In Murthy v. Missouri, an opinion by Justice Barrett joined by Roberts, Kavanaugh and the three moderates, the Supreme Court ruled that the plaintiffs had no standing to challenge the federal government’s alleged collaboration with Facebook to censor the posting of COVID-19 misinformation and alleged 2020 election lies, principally the contents of Hunter Biden’s laptop.

The plaintiffs included signatories to the infamous “Great Barrington Declaration,” which advocated for murderous herd immunity policies during the first year of the pandemic, Jim Hoft, the founder of the Gateway Pundit conspiracy website, and the states of Louisiana and Missouri.

Describing the dispute as “one of the most important free speech cases to reach this Court in years,” Alito penned a mammoth 33-page dissent, joined by Thomas and Gorsuch, which blames COVID-19 on a laboratory leak in Wuhan, China, and questions the efficacy and safety of vaccines.

While the ruling is being heralded as a major win for the Biden administration and a setback for conspiracy-obsessed serial liars of the ultra-right, the rigid application of the constitutional requirement that a plaintiff must show a cognizable injury before suing against government-instigated internet censorship can be used to derail challenges by socialists and others who use social media to oppose the status quo.

Finally, in Snyder v.

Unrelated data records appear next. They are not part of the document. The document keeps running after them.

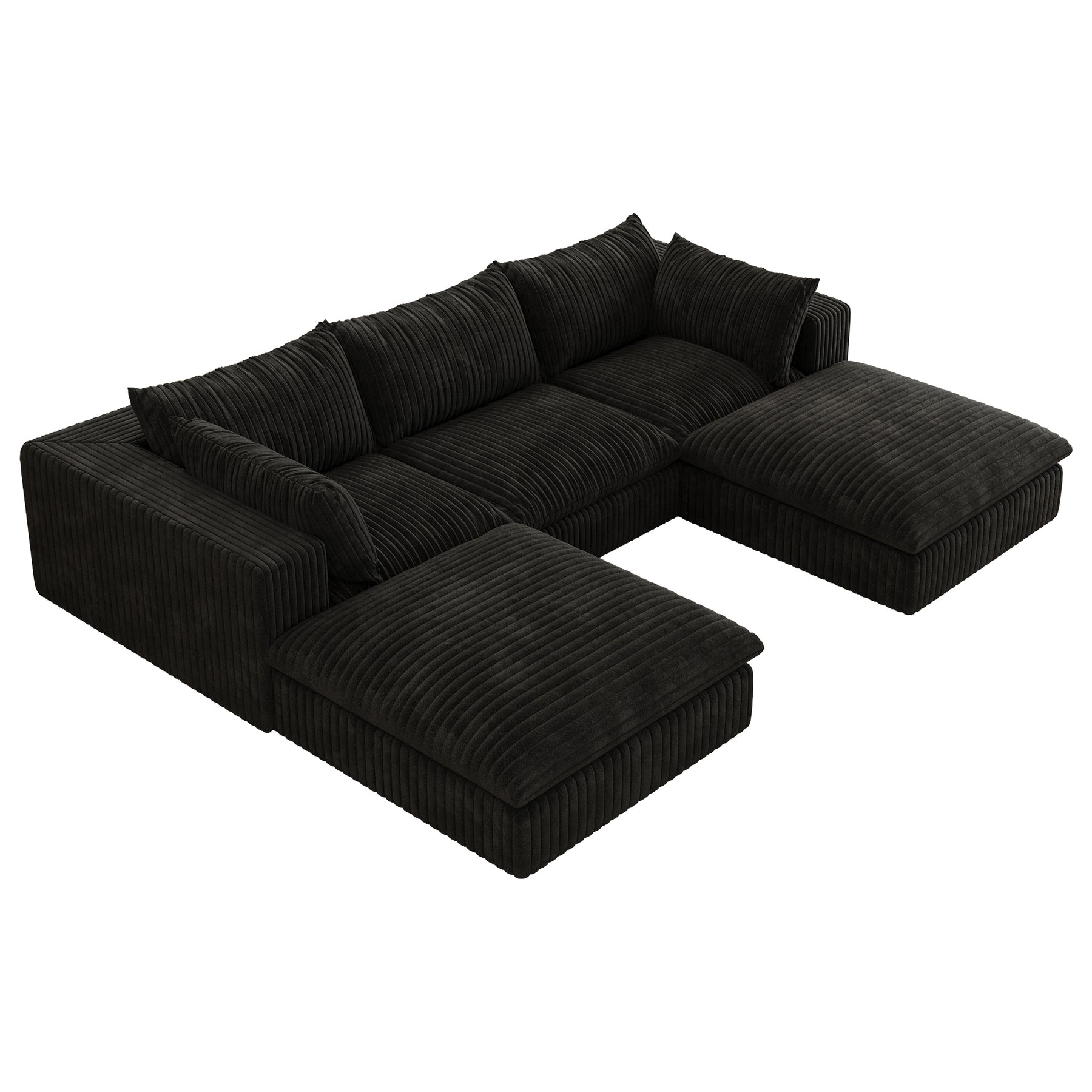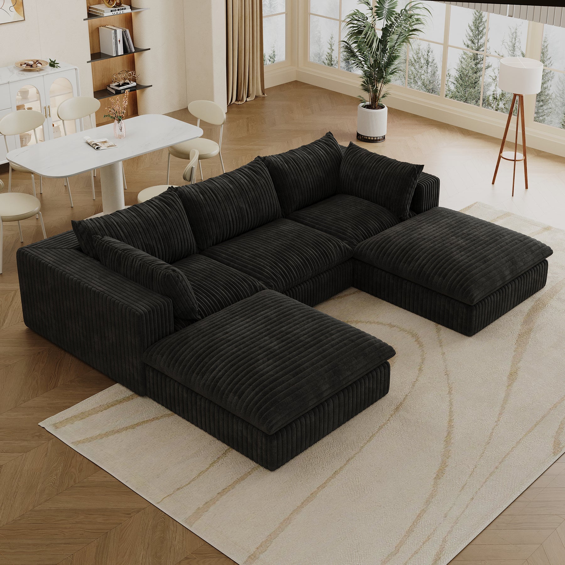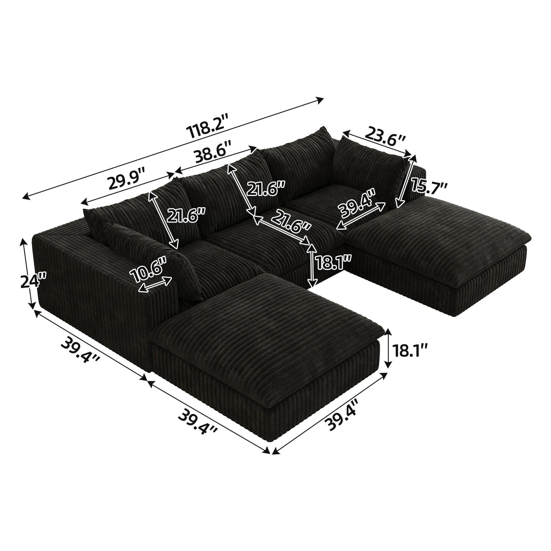 118.2' Cloud Sofa,Corduroy Fabric,Deep Seat Couches,Double-layer design,Removable Cushion,No Assembly, DIY Combination for Living room, Bedroom,Conference room ,Apartment,Black
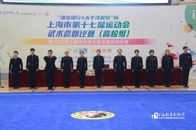 11月26日,上海市第十七届运动会武术套路比赛(高校组)暨2022年上海市大学生武术套路锦标赛在bat365中文官方网站体育中心举行。来自复旦、交大、同济等17所高校的102名武术精英参加了此次比赛。
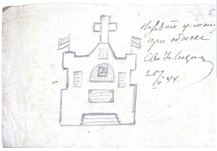 На верхній частині пам'ятника були фото односельчан, а нижче викарбувані слова вірша «Молитва», який написав священник Іван Ліхнякевич. По закінчені війни, головою колгоспу стає Євдокія Терещенко і наказує знищити цей пам'ятник. Спочатку, відбили світлини, затерли текст та збили хреста. А згодом, і всю споруду підірвали.
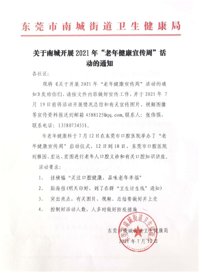 2021年7月12日-7月18日是全国第三个老年健康宣传周,主题为“关注口腔健康,品味老年幸福”,旨在宣传普及老年健康政策和科学知识,切实提高老年人健康素养和健康水平,全面推进健康中国建设。东莞市卫健局于7月12日在东莞口腔医院举办了东莞市2021年健康宣传周活动启动仪式,东莞口腔医院将配合市卫健局在老年健康宣传周开展系列相关活动。
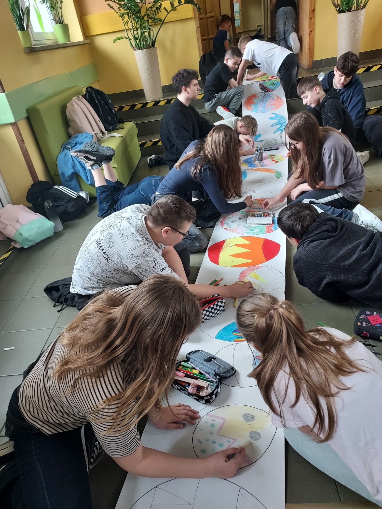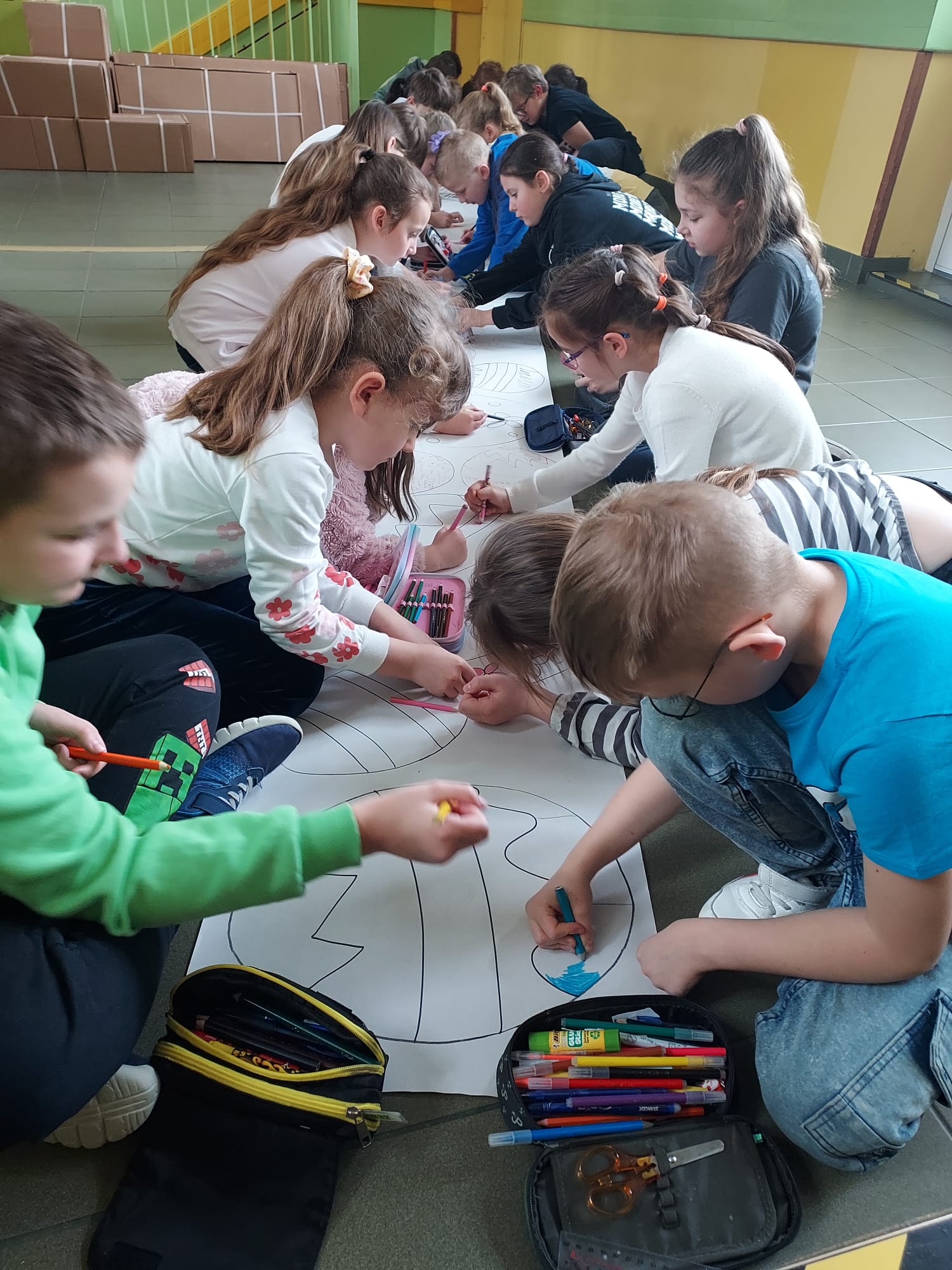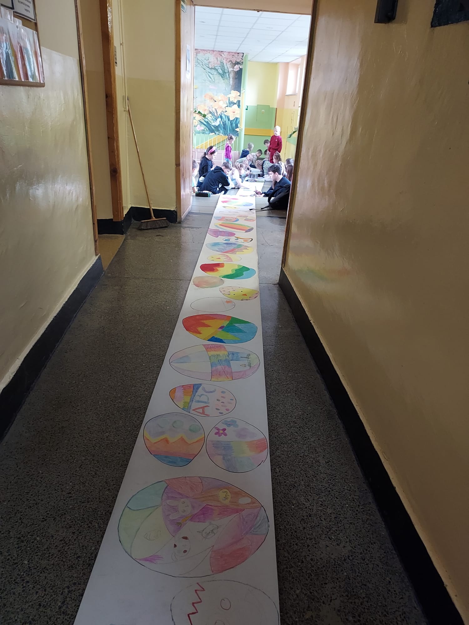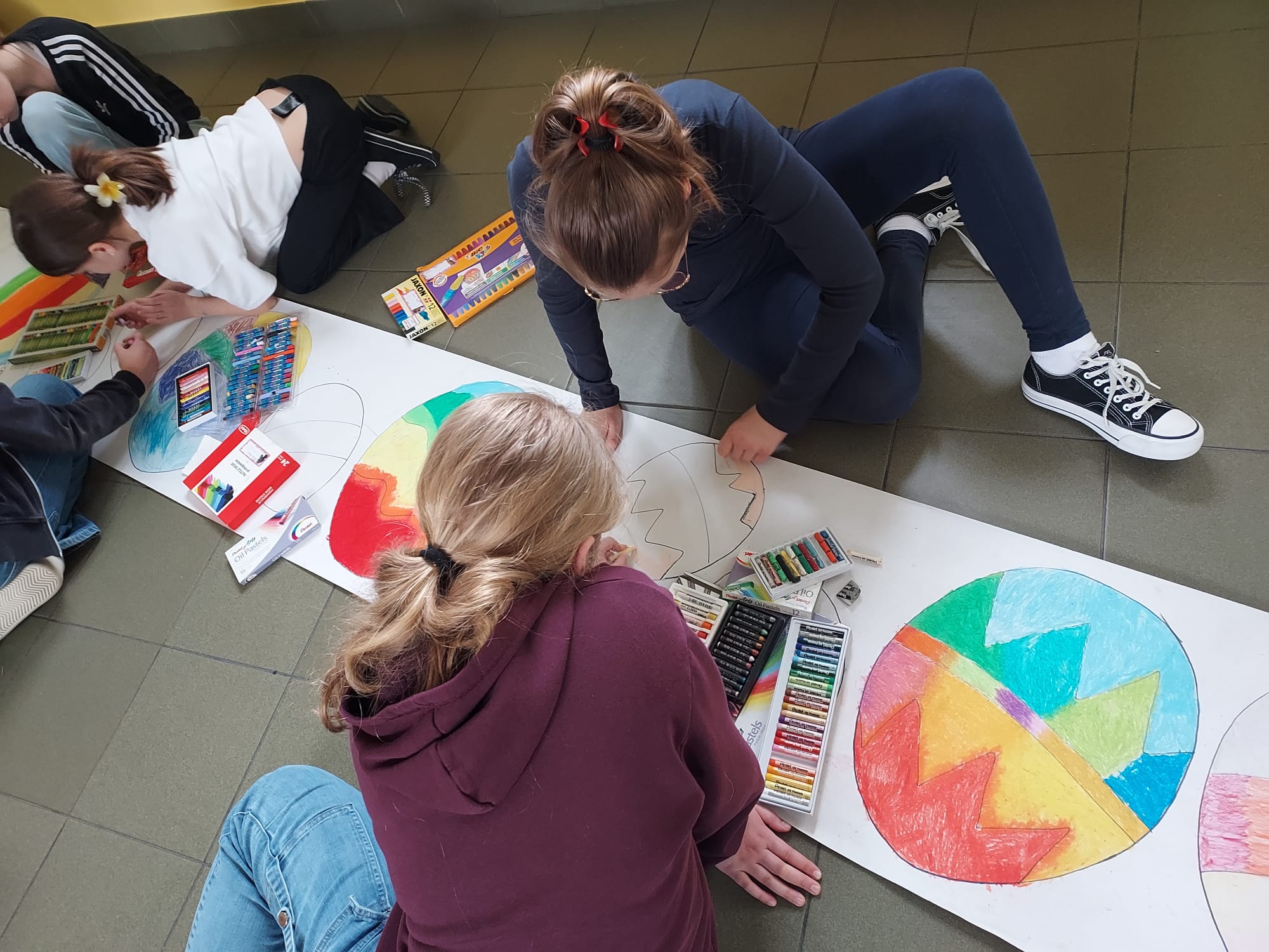 Dzisiejszy dzień w szkole okazał się świętem wiosennych i letnich kolorów. Odbyła się bowiem przedświąteczna, integracyjna akcja plastyczna pod hasłem: „Wiosenna pisanka”, w której wzięli udział wszyscy uczniowie naszej szkoły. Przy pomocy kredek dali upust własnej wyobraźni. Rozmów, współpracującej wymiany zdań i pomysłów nie było końca. Powstała masa wielobarwnych pisanek, na ogromnym kartonie, który zawisł jako element dekoracji apelu świątecznego.

United States, the six-justice right-wing majority united to overturn the bribery conviction of James Snyder, a former mayor of Portage, Indiana, who received $13,000 for “consulting” after steering more than $1 million in city contracts to a local truck dealership.

Kavanaugh wrote that the federal bribery statute, 18 USC § 666, does not prohibit “gratuities ... that may be given as a token of appreciation after the official act.” One does not know whether to laugh or cry given the recent exposure of millions in “gratuities” doled out to Clarence Thomas.

Jackson dissented, joined by Kagan and Sonia Sotomayor. In what could be interpreted as a dig at the Thomas corruption scandal, Jackson wrote that the majority’s distinguishing of “gratuities” from outright bribes was an “absurd and atextual reading of the statute” that “only today’s court could love.”